Никита не видел в этом ничего неприятного. Давно забыто про чистые руки и холодный разум. Этот змей, как угорь, постоянно ускользал. Но сегодня все – отговорила роща золотая. Он толкал в спину пойманного негодяя.
– Слезай, – сказала Анна, наставив на него пистолет. – И без глупостей. Или пуля в позвоночнике – твоя.
Старчоус обессилел, с трудом волочил ноги. Нормально спуститься не удалось, сорвался, покатился, воя от боли и страха. Его зафиксировали в одном из каменных мешков в стороне от прохода, привязали запястье к ржавой трубе. Пленник извивался из последних сил, но подняться уже не мог.
– Что ты хочешь, Платов? – демонстрировал он свою полную осведомленность в том, кто есть кто. – Тебя возьмут уже сегодня, остаток жизни проведешь за решеткой… Суки, как же я вас ненавижу, поганое большевистское племя… Хочешь денег, Платов? Скажи, сколько хочешь? Все отдам… Что же вы делаете, вурдалаки краснопузые… Платов, как ты можешь, у меня же дети, внуки… Убери свою прошмондовку от меня, Платов, что она делает?

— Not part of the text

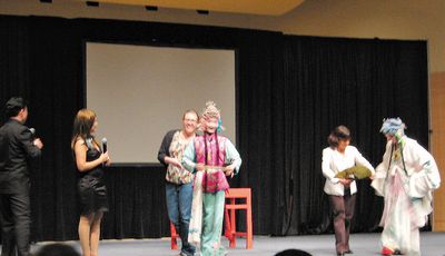 而為了讓觀眾進(jìn)一步體會(huì)京劇精華,每片段演出之間,并邀請(qǐng)觀眾上臺(tái)“學(xué)藝”。當(dāng)天觀眾席上亦有許多戲劇及表演科系學(xué)生,爭(zhēng)取上臺(tái)學(xué)藝的機(jī)會(huì),揣摩劇中人物的演出。

Вступать в пререкания было излишним. Усталость тянула к земле. О чем тут спорить, когда все ясно? Никита сидел на обломке кирпичной кладки, курил сигарету за сигаретой – давно он этим не занимался, надо наверстать. Анна отогнала за угол машину, вернулась. Фонарь, пристроенный на кирпиче, озарял извивающееся на полу тело. Анна извлекла из сумки кассетный магнитофон, отложила в сторону. Сделала преступнику инъекцию, да так, что он поздно спохватился, отчаянно взвыл. Вскоре спонтанные движения стали слабеть, дыхание участилось, закатились глаза, морщинистое лицо врага заблестело от пота. Анна посмотрела на часы и пересела к Платову. Стали ждать, впадая в какую-то неуместную меланхолию. Он чувствовал ее плечо.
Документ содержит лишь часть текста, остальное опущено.